1st 2nd 3rd 4th figure xzz 6

Gnawing by animals and humans is a significant agent of bone attrition, and most studies have indicated a general correlation between bone density and resistance to gnawing (Binford & Bertram 1977, Jones 1986, Lyman 1994). Dogs are major agents of bone destruction on most sites, and even small breeds are capable of totally destroying the largest and densest mammal bones given time and motivation. Concentrations of canine-gnawed bones in urban or household contexts tend to accumulate in “dog yard” areas where dogs habitually congregate and have regular access to bones. Concentrations of gnawed bones thus to some degree can spatially track past dog behavior, but are somewhat challenging to quantify effectively. The Hofstaðir archaeofauna shows a highly variable amount of dog gnawing marks by context, phase, and area. Figure zzz 7 presents the distribution of gnawed bone by area, phase, and context. In Phase I no context shows more than 10 gnawed elements.

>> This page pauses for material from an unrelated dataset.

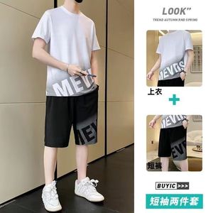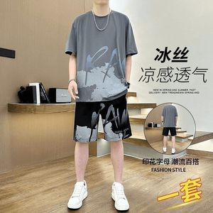 メンズ夏用アイスシルク薄手速乾服、半袖Tシャツ、ショートパンツ、カジュアルスポーツウェア、ハンサムな衣装のセット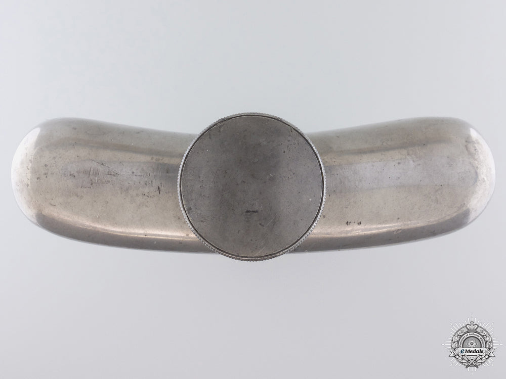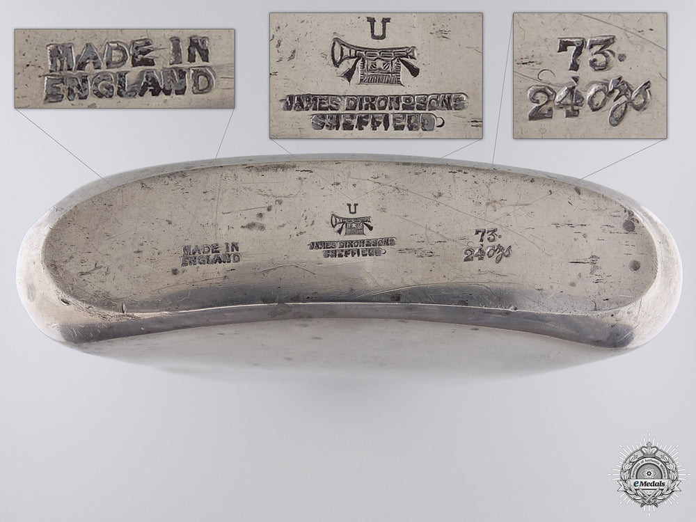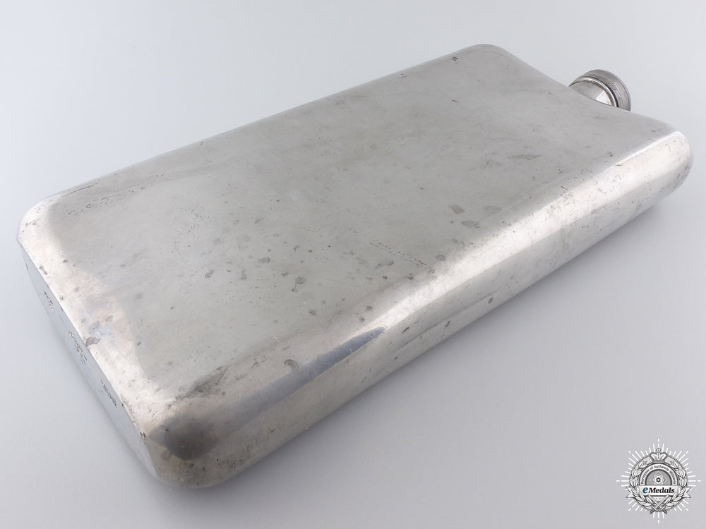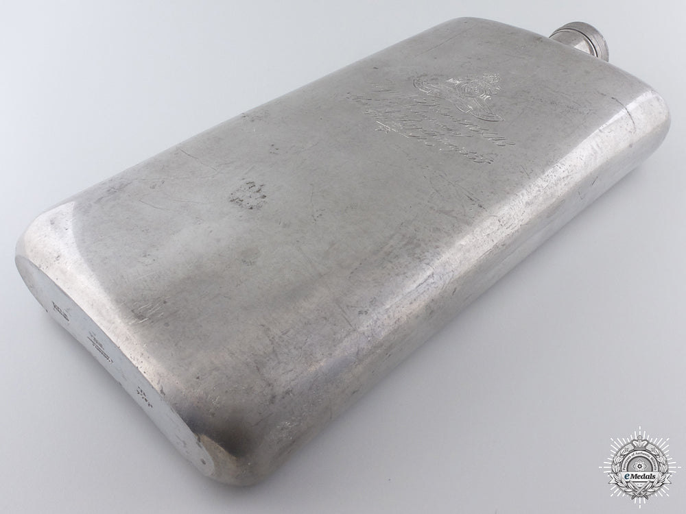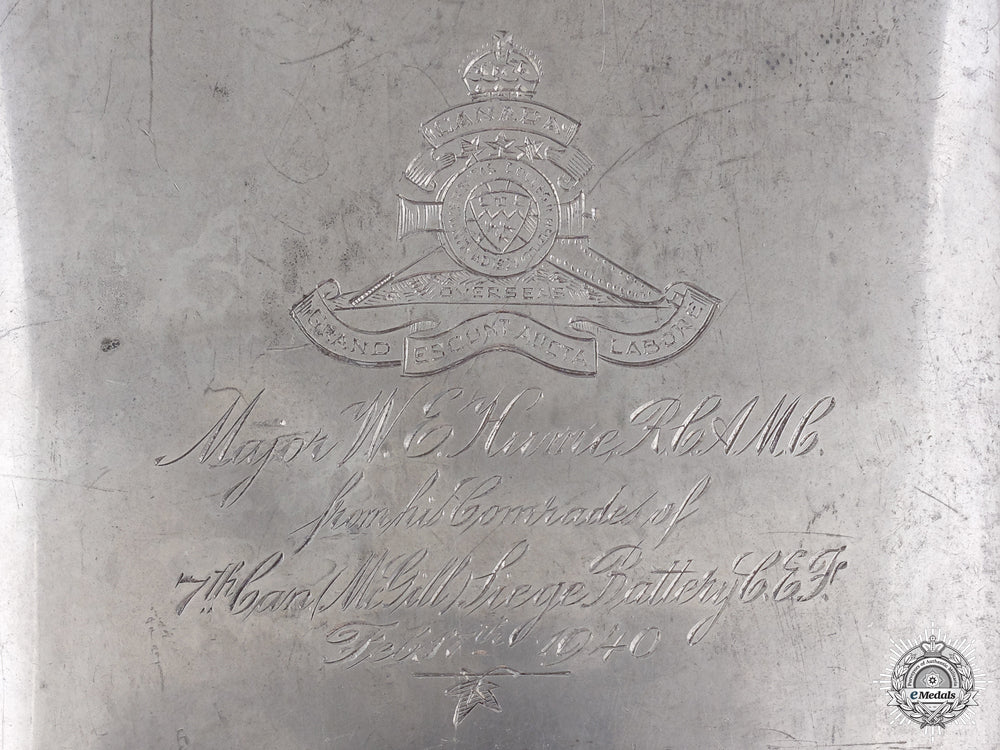 A Flask to the 7th Canadian (McGill) Siege Battery CEF - Plated, weighing 529 grams, marked "MADE IN ENGLAND", maker marked "JAMES DIXON & SONS SHEFFIELD", marked with a "U" over a left-facing trumpet and banner insignia identifying production by Dixon (a fundamental element to prevent mistakes with the marks "JC & S" used by another Sheffield manufacture, James Deakin & Sons) and marked "73" over "24ozs" on the bottom, engraved with the 7th Canadian (McGill) Siege Battery insignia above the inscription "Major W.E. Hume . R.C.A.M.C. / from his comrades of / 7th Can. (McGill). Siege Battery C.E.F. / Feb. 17th 1940" in running script on the front, cork liner on the underside of the screw cap, 115 mm x 245 mm x 34 mm, contact marks and dents from active use, very fine Footnote: William Edward Hume was born on October 24, 1897 in Leeds, Megantic County, Quebec. He was a resident of Montreal, Quebec, when he signed his Attestation Paper as a Cadet (1261649) with No. 6 (McGill) Overseas Battery, Siege Artillery, CEF, on May 6, 1916 in Montreal, at the age of 18, naming his next-of-kin as his father, Dr. G.S. Hume of Sherbrooke, Quebec, stating that he belonged to an Active Militia (the 22nd Sherbrooke Battery), that he had previous military service (one month with the 53rd Sherbrooke Regiment and two months with the 22nd Sherbrooke Battery), that he was not married and that his trade was that of Student. The 6th Canadian Siege Battery recruited in the Montreal area in 1916 and were re-named the 7th Canadian Siege Battery when they re-organized in England. Hume later rose to the rank of Major with the Royal Canadian Army Medical Corps. In early 1940, his former comrades from the 7th Canadian (McGill) Siege Battery recognized his accomplishments by giving him this flask. By 1941, he had attained the rank of Colonel and was awarded the Efficiency Decoration. Hume was awarded the Officer of the Military Division of the Order of the British Empire effective March 17, 1945, as mentioned in the Supplement to the London Gazette 37038 of Tuesday, April 17, 1945, on Thursday, April 19, 1945, page 2063.

By Phase II there is a marked concentration of dog chewed bones in area E in the context [1144] sheet midden. By Phase III (abandonment), this concentration of dog gnawing in E has shifted to room A, particularly the [159] infill. In the subsequent post-occupational Phases VII-VIII, bone gnawing seems to continue to concentrate in the room A area. Note that the midden fill of the sunken feature structure G has a dispersed pattern of gnawed bone fragments in both Phase I and Phase II, perhaps suggesting that this are simply absorbed refuse from the wider site, including some already gnawed fragments.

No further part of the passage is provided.